Financial governance on delivery work: CapEx/OpEx, labor cost, budget vs. actuals, and project profitability.
Capacity realism on Jira artifacts through planned vs. actual dashboards.
AI for delivery via named Atlassian Rovo agents – Timesheets Worklog Assistant, Timesheets Summary Analyzer, Time Insights for Jira, Structure View Builder, and Structure Formula Assistant – across time, variance, and workload (Rovo runs on paid Atlassian Cloud plans; full credit allocations on Premium and Enterprise).
Ideal customer for each tool
Choose Tempo if:
Jira is the delivery backbone and you need execution-native portfolio intelligence.
PMO, finance, or FP&A want auditable controls on delivery cost and capacity.
You need a short path from purchase to governance value.
You want AI time and capacity insights through named Rovo agents like Timesheets Worklog Assistant and Structure View Builder (available on paid Atlassian Cloud plans; full credits on Premium and Enterprise).
Choose Celonis if:
Your problem is cross-functional process transformation – supply chain, AP, IT operations.
Your buyer is enterprise transformation, not delivery governance.
You have the patience and budget for "Analyze → Design → Operate" transformation cycles.
You need enterprise-scale AI on processes outside Jira.
When should you choose Tempo vs. Celonis?

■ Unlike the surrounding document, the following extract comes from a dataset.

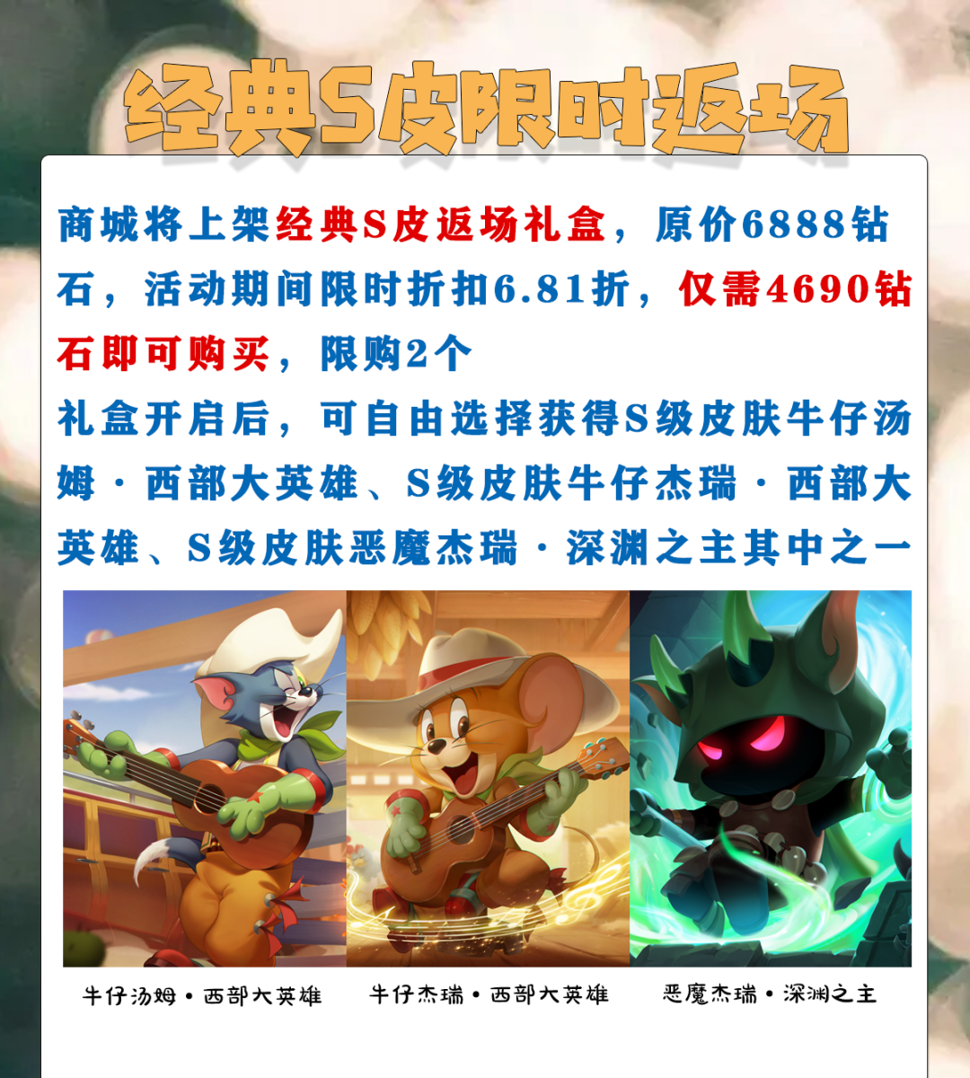 ——礼盒开启后,可自由选择获得S级皮肤牛仔汤姆·西部大英雄、S级皮肤牛仔杰瑞·西部大英雄、S级皮肤恶魔杰瑞·深渊之主其中之一;

Criterion | Choose Celonis | Choose Tempo |
|---|---|---|
Scope | Cross-functional enterprise processes | Delivery portfolios in Jira |
Time-to-value | Longer transformation cycles | Modular, measured in weeks |
Primary buyer | Enterprise transformation office | PMO, delivery leaders, finance/FP&A |
Recap
Celonis and Tempo answer different portfolio questions. Celonis sells process intelligence across enterprise operations. Tempo is a modular alternative for the delivery-portfolio piece – portfolio governance, financial controls, capacity, and time inside Jira.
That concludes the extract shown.